# WHAT IS EXPECTED
Below are lines of records; copy exactly those from the one containing "打開機蓋後你即刻會看到面積大得驚人的觸控板。它長闊分別為 15cm x" through the one containing "チリコンカーンに入っている大", leaving the pictures behind.

--- MATERIAL SHOWN Enclosed Below ---

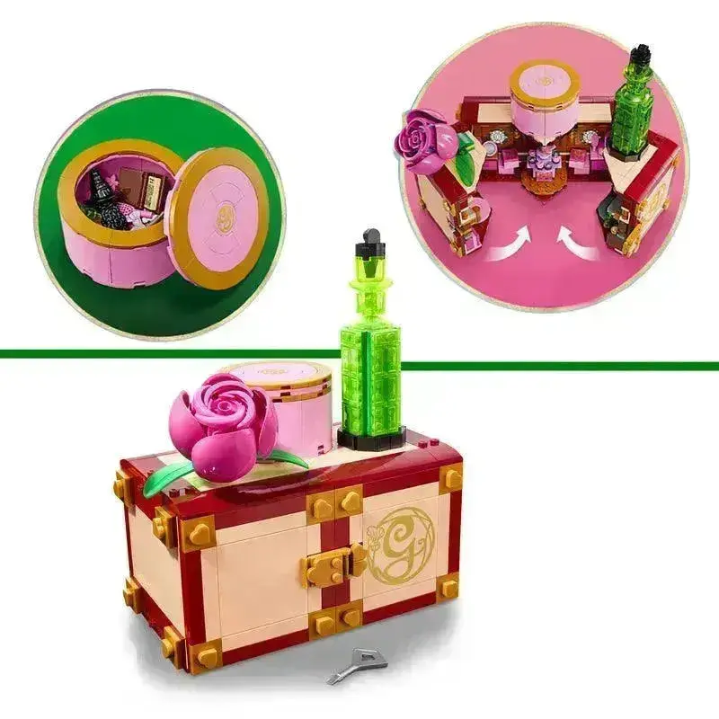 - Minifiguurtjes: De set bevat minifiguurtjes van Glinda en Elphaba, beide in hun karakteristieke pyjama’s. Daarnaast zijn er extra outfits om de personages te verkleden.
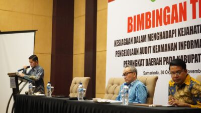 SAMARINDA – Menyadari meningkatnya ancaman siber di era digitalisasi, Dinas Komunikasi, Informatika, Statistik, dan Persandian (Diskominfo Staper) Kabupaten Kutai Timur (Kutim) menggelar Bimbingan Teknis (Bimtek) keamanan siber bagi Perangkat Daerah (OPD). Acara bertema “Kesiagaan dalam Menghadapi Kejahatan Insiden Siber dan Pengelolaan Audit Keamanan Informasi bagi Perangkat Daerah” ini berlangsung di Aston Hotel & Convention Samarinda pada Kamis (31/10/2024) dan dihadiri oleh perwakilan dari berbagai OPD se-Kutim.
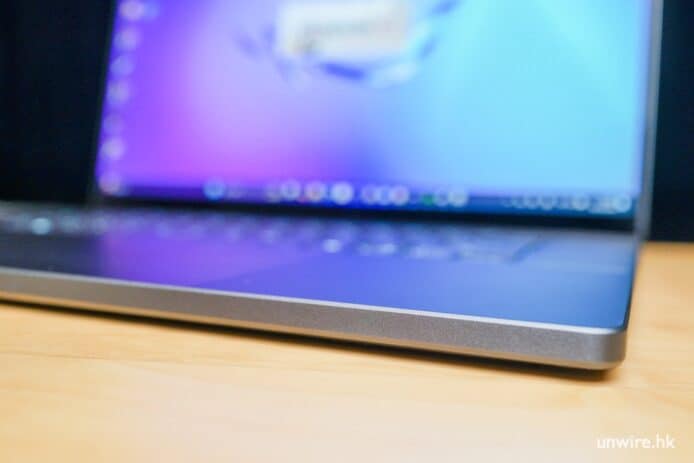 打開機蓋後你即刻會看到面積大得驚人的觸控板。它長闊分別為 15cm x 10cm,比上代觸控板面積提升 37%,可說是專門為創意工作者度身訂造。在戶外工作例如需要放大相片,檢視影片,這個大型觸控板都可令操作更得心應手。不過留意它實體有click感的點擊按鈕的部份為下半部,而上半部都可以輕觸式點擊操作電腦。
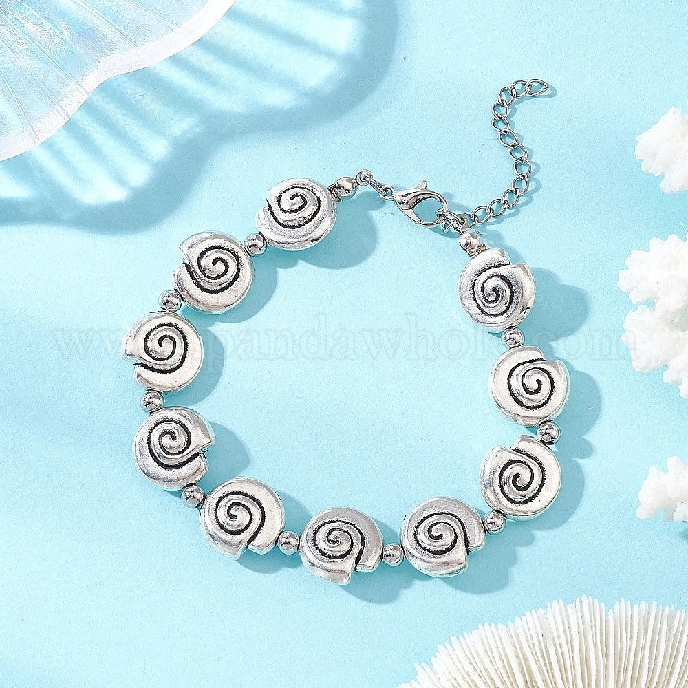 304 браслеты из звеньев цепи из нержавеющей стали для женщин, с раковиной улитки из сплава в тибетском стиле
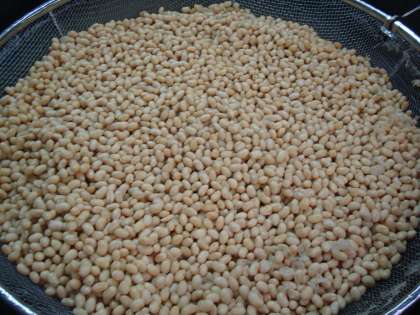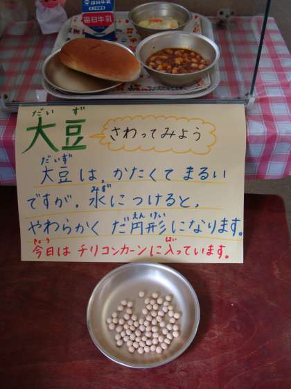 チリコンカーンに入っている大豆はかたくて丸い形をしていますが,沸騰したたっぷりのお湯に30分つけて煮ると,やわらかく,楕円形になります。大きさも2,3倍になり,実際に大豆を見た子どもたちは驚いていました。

--- End of Enclosed MATERIAL SHOWN ---
--- MATERIAL SHOWN Enclosed Below ---

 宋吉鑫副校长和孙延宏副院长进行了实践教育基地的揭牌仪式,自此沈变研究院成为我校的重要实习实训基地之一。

--- End of Enclosed MATERIAL SHOWN ---

# TASK SOLUTION
 打開機蓋後你即刻會看到面積大得驚人的觸控板。它長闊分別為 15cm x 10cm,比上代觸控板面積提升 37%,可說是專門為創意工作者度身訂造。在戶外工作例如需要放大相片,檢視影片,這個大型觸控板都可令操作更得心應手。不過留意它實體有click感的點擊按鈕的部份為下半部,而上半部都可以輕觸式點擊操作電腦。
 304 браслеты из звеньев цепи из нержавеющей стали для женщин, с раковиной улитки из сплава в тибетском стиле
 チリコンカーンに入っている大豆はかたくて丸い形をしていますが,沸騰したたっぷりのお湯に30分つけて煮ると,やわらかく,楕円形になります。大きさも2,3倍になり,実際に大豆を見た子どもたちは驚いていました。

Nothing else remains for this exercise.